:: Records shown ::
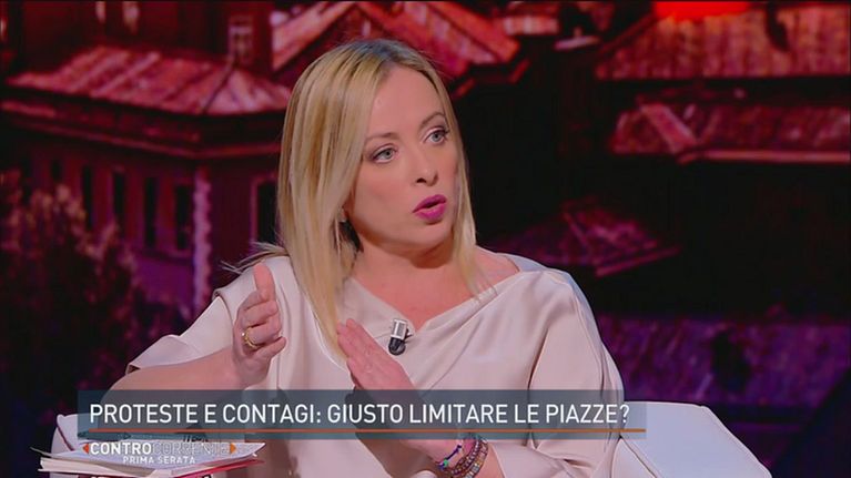 Giorgia Meloni interviene in studio sulle proteste No Vax, sui contagi in aumento e sull'operato di Draghi e Lamorgese.
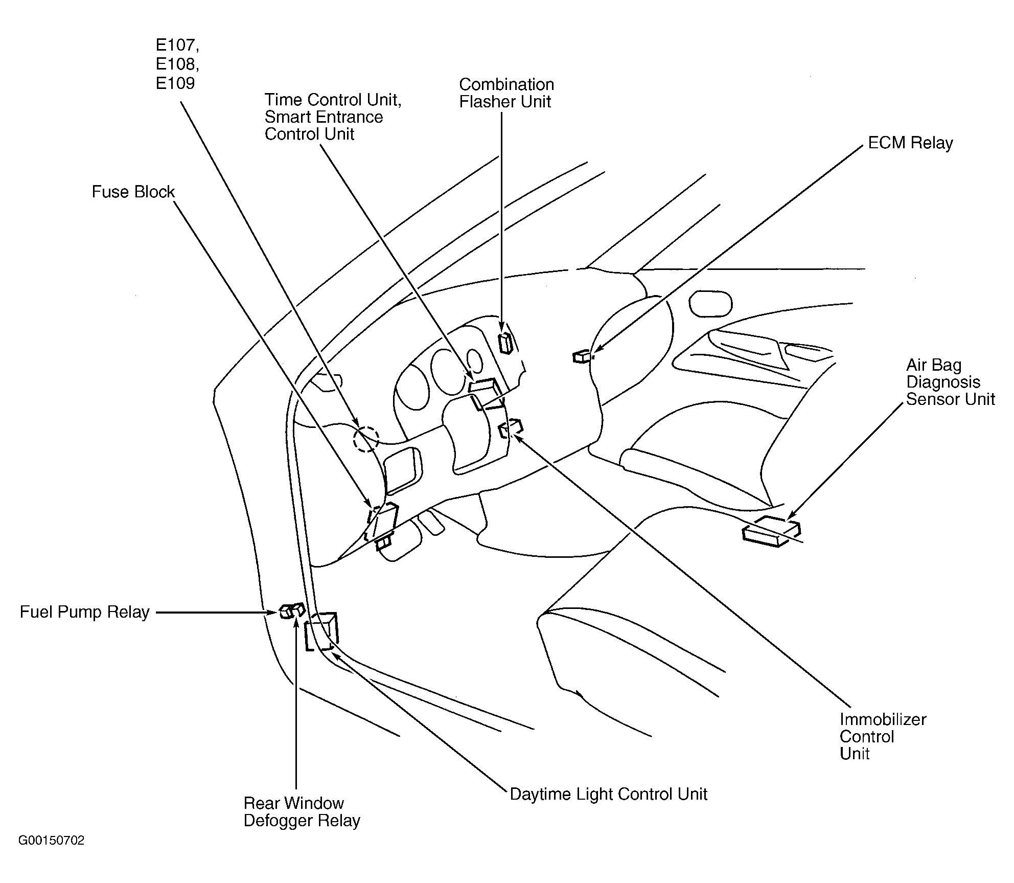 | Smart Entrance Control Unit | Behind center of dash. See Figure. |
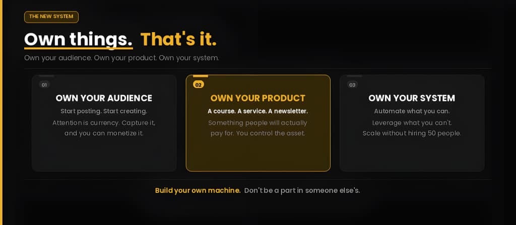 Own your product: A course, a service, a newsletter, a community. Something people will actually pay for.
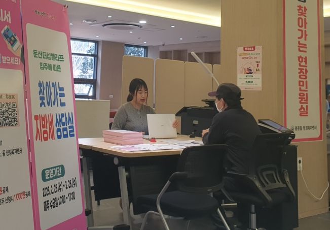 (아름다운교육신문) 대전 서구는 관내 대단위 신축 아파트인 용문동 ‘둔산더샵엘리프’의 입주민을 위해 찾아가는 지방세 상담실을 운영한다고 지난 26일 밝혔다.
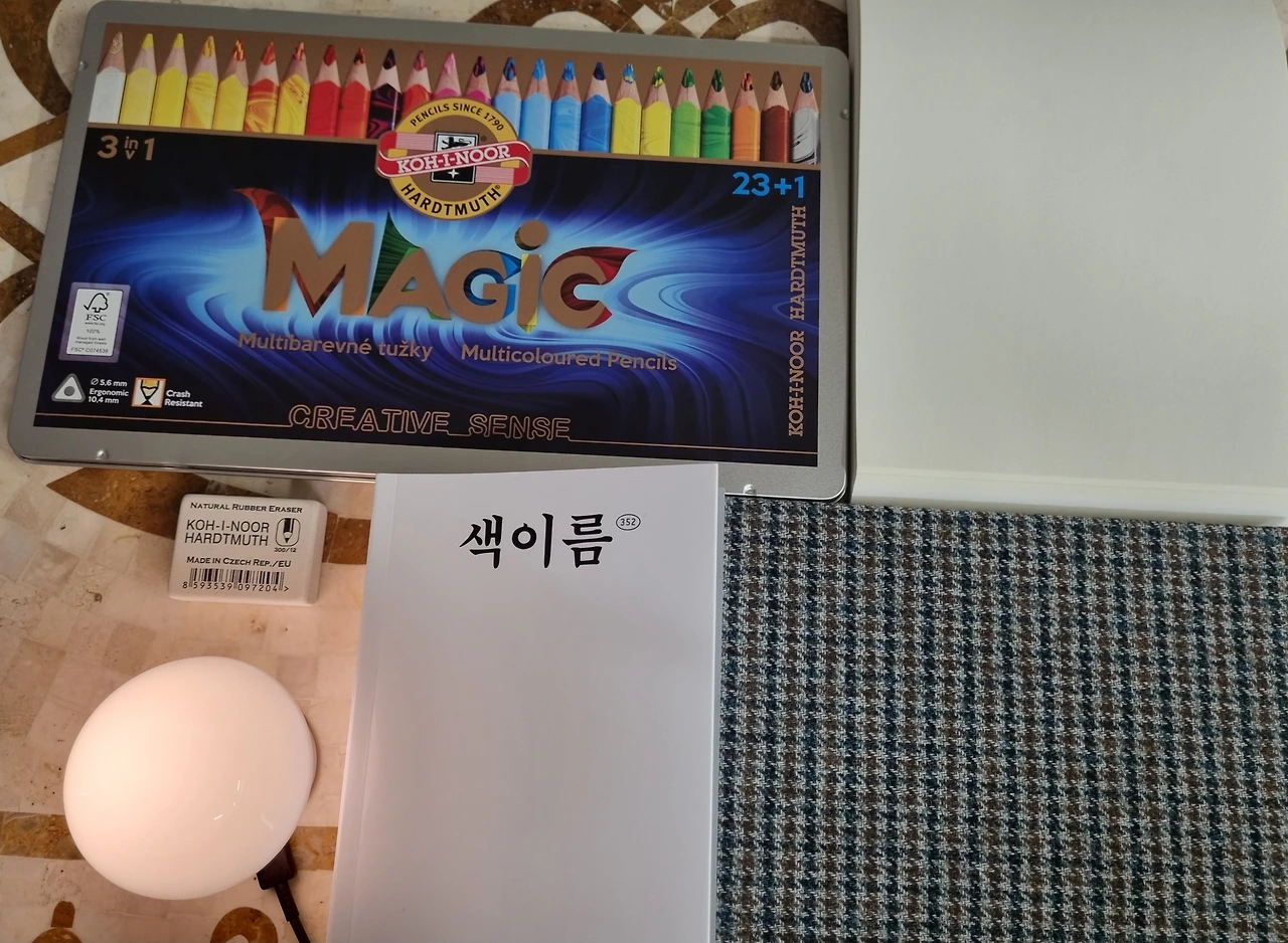 세상에 이렇게 예쁜 색연필이있나 싶은 고운 색연필과 작은 스케치북, 모직으로 짠 촉감이 좋은 겉표지를 지닌 노트와 우리말 색이름사전과 지우개와 브런치 글 쓸 때 분위기 좋게 켜고 있으라고 작은 LED 등까지. 귀엽고 사랑스럽고 정감 있는 선물을 다양하게도 준비해 왔다. 둘째는 선물을 전하면서 "엄마가 브런치작가이시니 작가에게 어울릴 만한 선물을 하고 싶었다"고 말한다. 색연필로 글에 넣는 그림을 그리셔도 좋을 거 같다고.
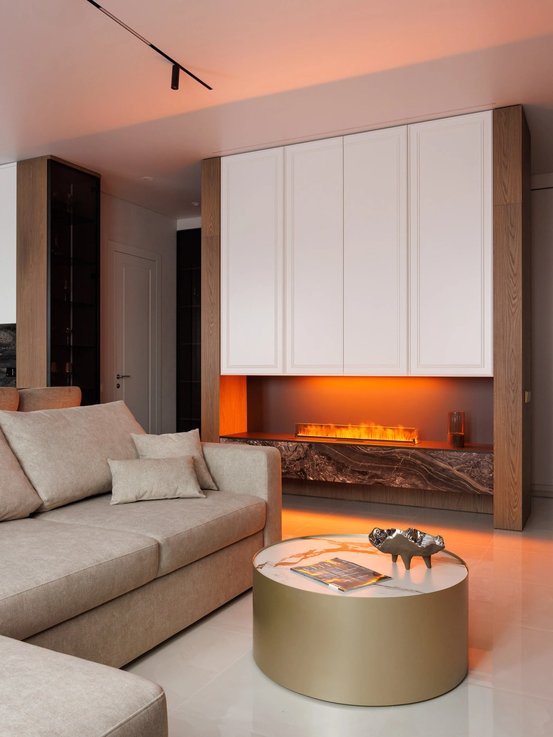 Эффектная зона камина в гостиной — стала архитектурным центром квартиры и задала настроение всему пространству.

:: Work instructions ::
When you write out the data, keep every line exact and drop the pictures.

:: Your response ::
 Giorgia Meloni interviene in studio sulle proteste No Vax, sui contagi in aumento e sull'operato di Draghi e Lamorgese.
 | Smart Entrance Control Unit | Behind center of dash. See Figure. |
 Own your product: A course, a service, a newsletter, a community. Something people will actually pay for.
 (아름다운교육신문) 대전 서구는 관내 대단위 신축 아파트인 용문동 ‘둔산더샵엘리프’의 입주민을 위해 찾아가는 지방세 상담실을 운영한다고 지난 26일 밝혔다.
 세상에 이렇게 예쁜 색연필이있나 싶은 고운 색연필과 작은 스케치북, 모직으로 짠 촉감이 좋은 겉표지를 지닌 노트와 우리말 색이름사전과 지우개와 브런치 글 쓸 때 분위기 좋게 켜고 있으라고 작은 LED 등까지. 귀엽고 사랑스럽고 정감 있는 선물을 다양하게도 준비해 왔다. 둘째는 선물을 전하면서 "엄마가 브런치작가이시니 작가에게 어울릴 만한 선물을 하고 싶었다"고 말한다. 색연필로 글에 넣는 그림을 그리셔도 좋을 거 같다고.
 Эффектная зона камина в гостиной — стала архитектурным центром квартиры и задала настроение всему пространству.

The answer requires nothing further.